Ты забываешь, что искренний друг —

тот, кто говорит с тобою откровенно,

а не тот, кто скрывает от тебя ошибки твои;

тот, кто порицает тебя, а не оправдывает;

тот, кто поклоняется истине,

а не тот, кто готов отомстить

за оскорбления твои.

Ибо всякий, кто возражает,

пробуждает спящую добродетель

и внушает спасительные страхи.

Что же до меня, одетого в траур,

я оплакиваю мимолетную,

ускользающую жизнь,

и каждый раз, когда вижу караван,

подстегиваемый предводителем,

из груди моей вырываются стоны.

Я подобен проповеднику в мечети,

одетому в черное.

Но к сожалению, лишь немые предметы

отзываются на пророческий глас мой.

О тугоухий! Проснись!

Пойми же наконец знак утреннего облака,

ведь все на земле хотят

что-нибудь услышать в безмолвном мире!

Но ты не слышишь меня. Не слышишь.

Я говорю с мертвецом.

— А теперь, если хотите, о мои повелители и повелительницы, я расскажу вам песню удода.

Когда я прибыл из Сабы[59] посланником любви,

я передал золотому царю письмо от царицы

с миндальными лазурными глазами.

И Сулейман сказал мне:

«О удод, ты принес мне новости из Сабы,

которые заставили мое сердце биться чаще».

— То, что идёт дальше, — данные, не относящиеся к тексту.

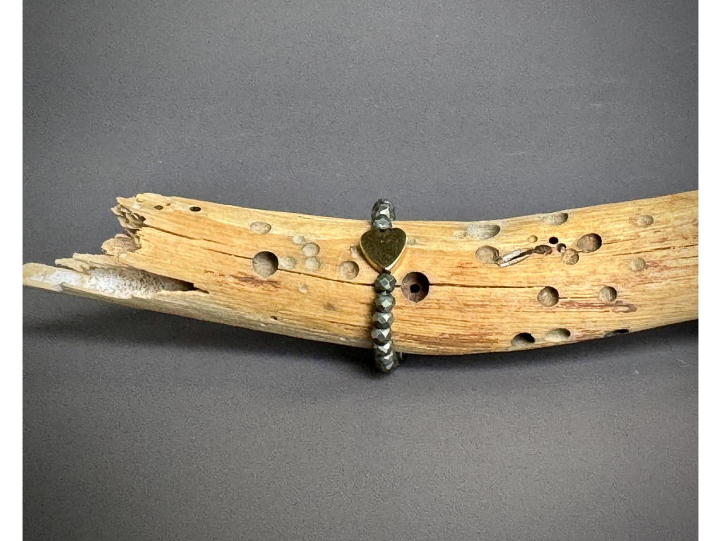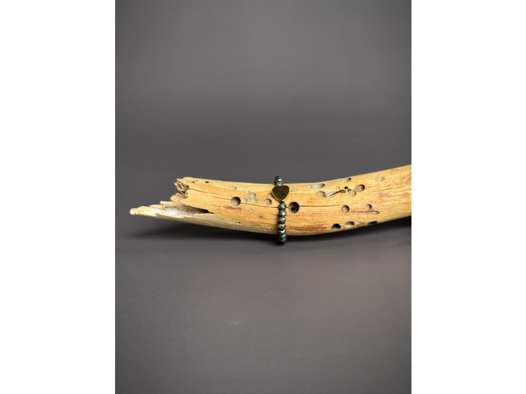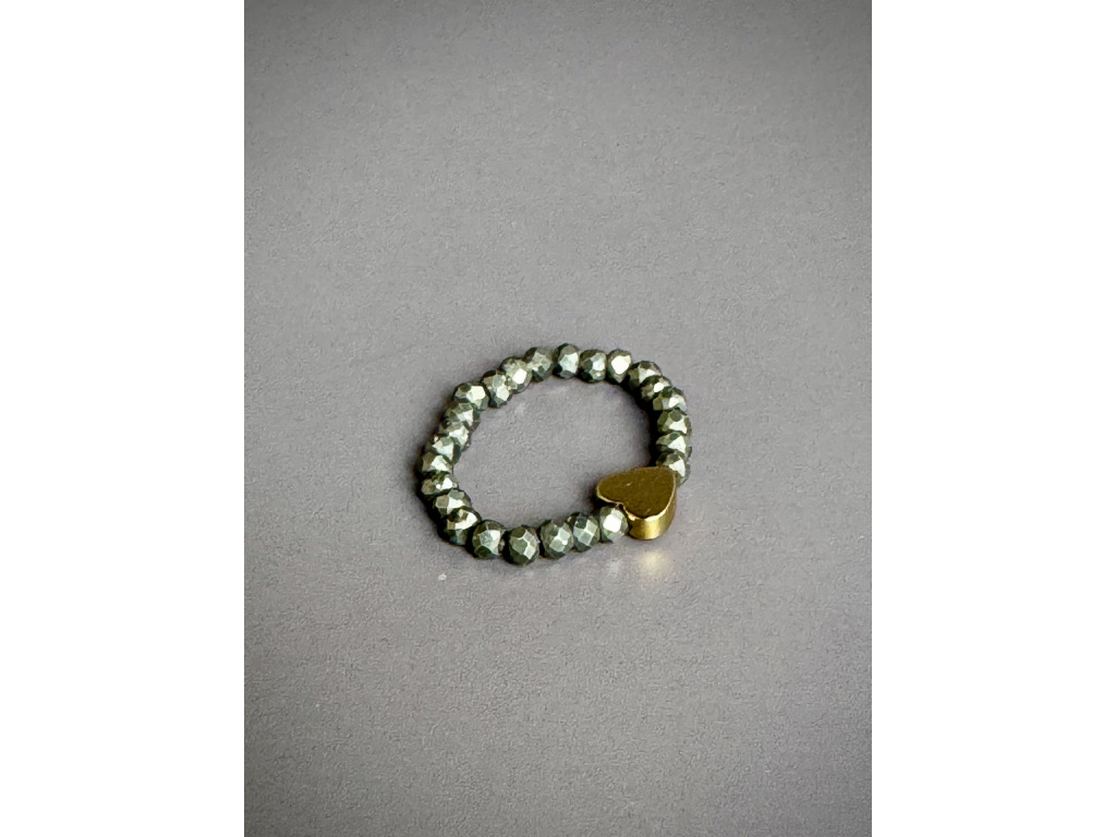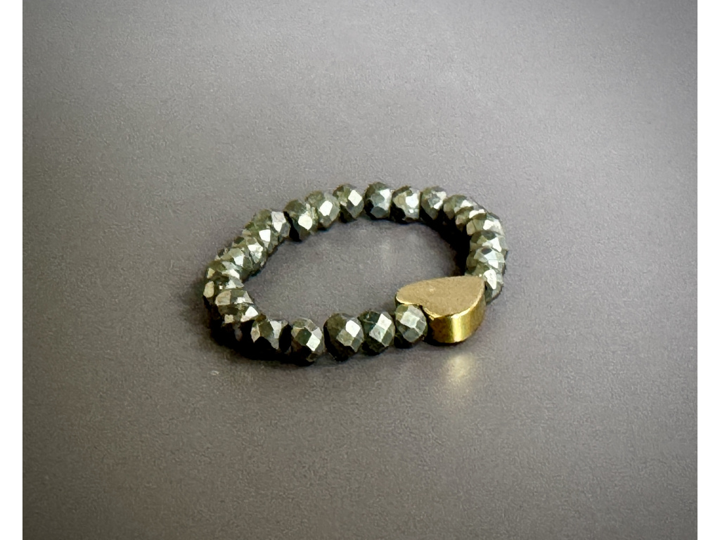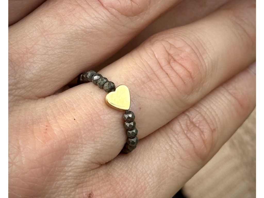 Praktický a zároveň nápaditý doplněk, ve kterém se propojuje síla dvou minerálů s decentním moderním vzhledem. Prsten je ručně vyroben z broušených korálků pyritu a hematitového srdíčka s povrchovou úpravou ve zlatém tónu.
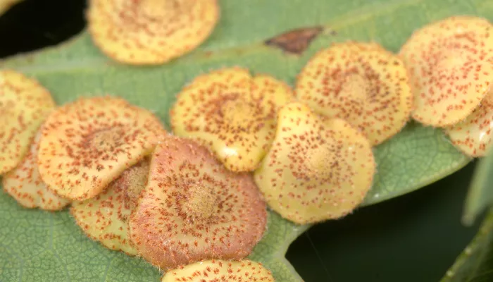 The common spangle gall wasp produces a small, disc-shaped growth, or 'gall', on the undersides of oak leaves. Inside the gall, the larvae of the wasp feed on the host tissues, but cause little damage.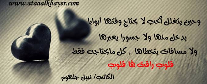 حين ترتقي القلوب من:الأخ الأستاذ / نبيل جلهوم عضو جمعية الكُتَّاب ببيت عطاء الخير عضو إتحاد الكتّاب و المثقفين العرب - مصر عضو رابطة أدباء الشام – لندن عضو الإتحاد العالمى للشعراء والمبدعين العرب عضو إتحاد المدربين العرب عضو رابطة الأدب الإسلامى العالمية http://www.ataaalkhayer.com/up/download.php?img=9971 |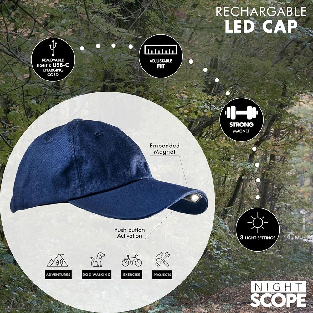 Magnetic Light Attachment: This hat includes a powerful magnetic mechanism that allows for the effortless attachment and detachment of the light to the brim. The strong magnetic connection ensures that the light stays firmly in place during vigorous activities, providing reliable illumination without the hassle of constant adjustments.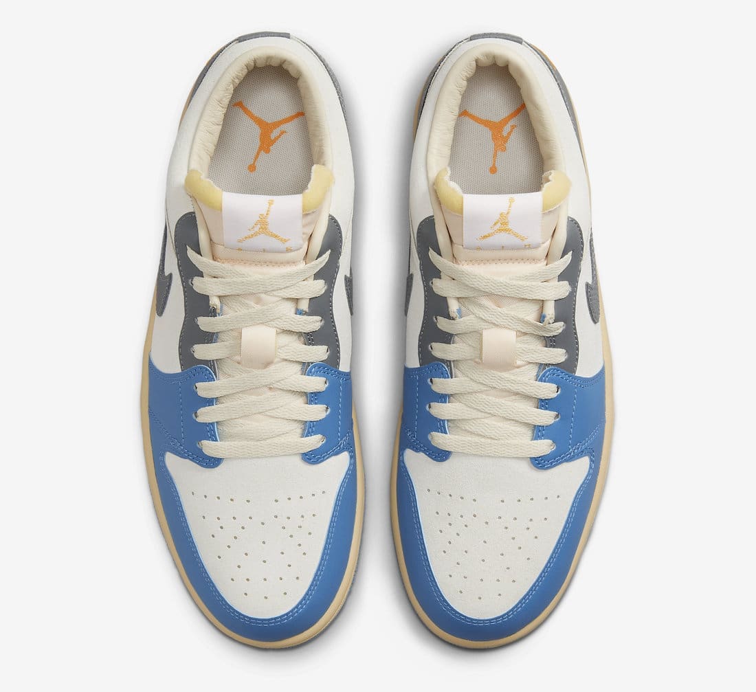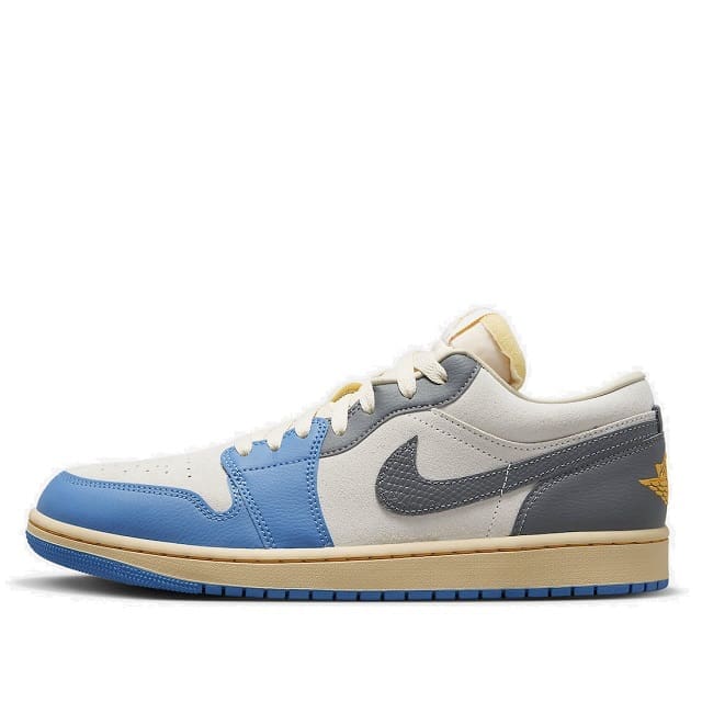 Dressed in a White, University Blue, Grey, and Sail color scheme. This offering of the low-top Air Jordan 1 features a White leather base with Blue overlays up front and Grey in the rear to give it that popular split design that was used on the Union AJ1s. Other details includes padded tongues, Yellow Wings on the heels atop an aged midsole and Blue rubber outsole.

И он осыпал меня своими милостями

и надел мне на голову эту

очаровательную корону, которую я с тех пор храню.

И он научил меня мудрости.

Вот почему я часто возвращаюсь к нему

в мыслях своих и вспоминаю учение его.

Он сказал: «Знай, о удод, если бы сердце

внимало просвещению, разум проник бы

в скрытый смысл вещей.

Если бы ум работал как надо,

он видел бы признаки истины,

а если бы совесть была восприимчива,

она легко узнавала бы благие вести.

Если бы душа открылась мистическим влияниям,

она бы обрела сверхъестественный свет.

Если бы душа была чиста,

тайны вещей оказались бы открытыми

и Божественная Госпожа

предстала бы пред нами.

Если бы кто-нибудь сбросил покровы любви,

в жизни не было бы препятствий

и ум больше не порождал бы плоские мысли.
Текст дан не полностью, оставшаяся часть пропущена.